Я говорю это, делая выводы частично из собственной прежней трактовки источников, которая привела к тому, как я уже писал, что мне потребовалось четыре года на то, чтобы понять сообщение Васерштайна. Но подобный же вывод напрашивается, когда мы замечаем огромные пробелы в польской историографии, в которой за более чем полвека после окончания войны все еще не появилось работ на основную тему, какой является вопрос об участии этнических поляков населения в уничтожении польских евреев. А информации об этом предостаточно. В самом ЕИИ можно прочитать более семи тысяч свидетельств, собранных сразу после войны, в которых спасшиеся евреи рассказывают, что с ними случилось. Если говорить о содержании этих свидетельств на интересующую нас тему, скажу только, что сборник «Это мой соотечественник…», в свое время опубликованный, не дает даже в приближении верной картины содержания всей коллекции.

Но не только наши прежние профессиональные недочеты («наши», то есть историков этого периода) хороший повод, чтобы изменить подход к оценке источников.

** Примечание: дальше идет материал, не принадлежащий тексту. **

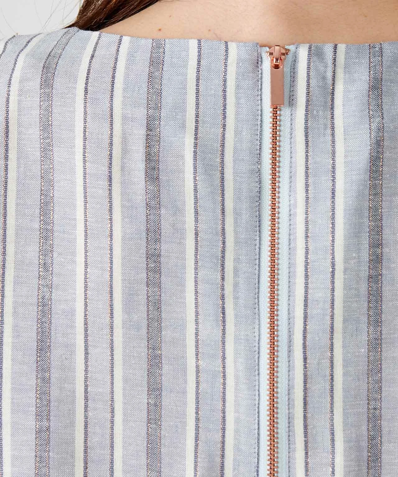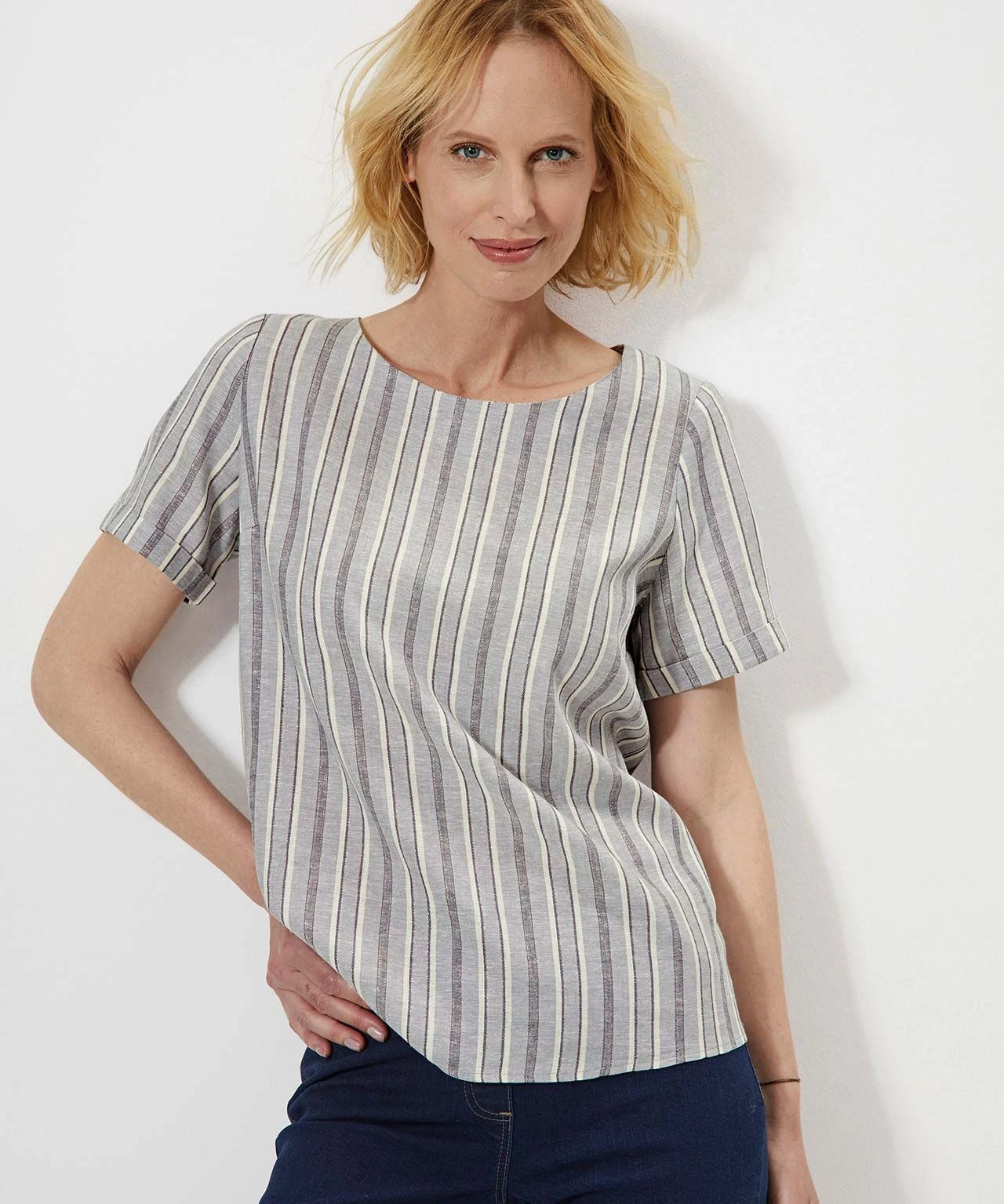 Cool and modern, our linen blend top has turn-up sleeves and back zip fastening. A contemporary shell top that you can wear for work or evenings out, with a hint of sparkle in the stripe for a stylish twist. Comfort fit. 50% Viscose, 48% Linen, 1% Polyester, 1% Metallic fibres. Length: 61cm (24″) approx.

Этот методологический императив также вытекает и из имманентных черт свидетельств об уничтожении польских евреев. Ведь все, что мы знаем на эту тему, — самим фактом, что это рассказано, — не является репрезентативным образцом еврейских судеб. Это все рассказы «через розовые очки», с хеппи-эндом, рассказы тех, кто выжил. Даже недоконченные сообщения — тех, кто не дожил до конца войны и оставил только фрагменты записей, — ведь записи можно вести только до тех пор, пока авторам удается счастливо избегнуть смерти. О самом дне, о последнем предательстве, жертвой которого они пали, о крестных муках девяноста процентов довоенного польского еврейства мы не знаем ничего. И поэтому должны относиться к тем буквально обрывкам информации, которыми мы располагаем, с осознанием того, что истина о уничтожении евреев может быть только более трагична, чем наше представление о ней на основе свидетельств тех, кто выжил.

МОЖНО ЛИ БЫТЬ ОДНОВРЕМЕННО ПРЕСЛЕДОВАТЕЛЕМ И ЖЕРТВОЙ?

Война в жизни каждого общества играет мифотворческую роль. Не стоит распространяться о важности символики народной мартирологии, уходящей корнями в опыт Второй мировой войны, для самосознания польского общества. Спор о значении Освенцима — в подтексте: беспокойство, что евреи тяжестью своего страдания заслонят военную мартирологию поляков, — это только невинные отборочные забеги в сравнении с усилием, необходимым, чтобы охватить всю совокупность польско-еврейских отношений во время оккупации[142]. Потому что Едвабне, хотя это, возможно, самое большое единовременное убийство евреев, совершенное поляками, — не было явлением обособленным. А вслед за Едвабне возникает метаисторический вопрос: можно ли быть одновременно преследователем и жертвой, можно ли страдать и в то же время причинять страдания?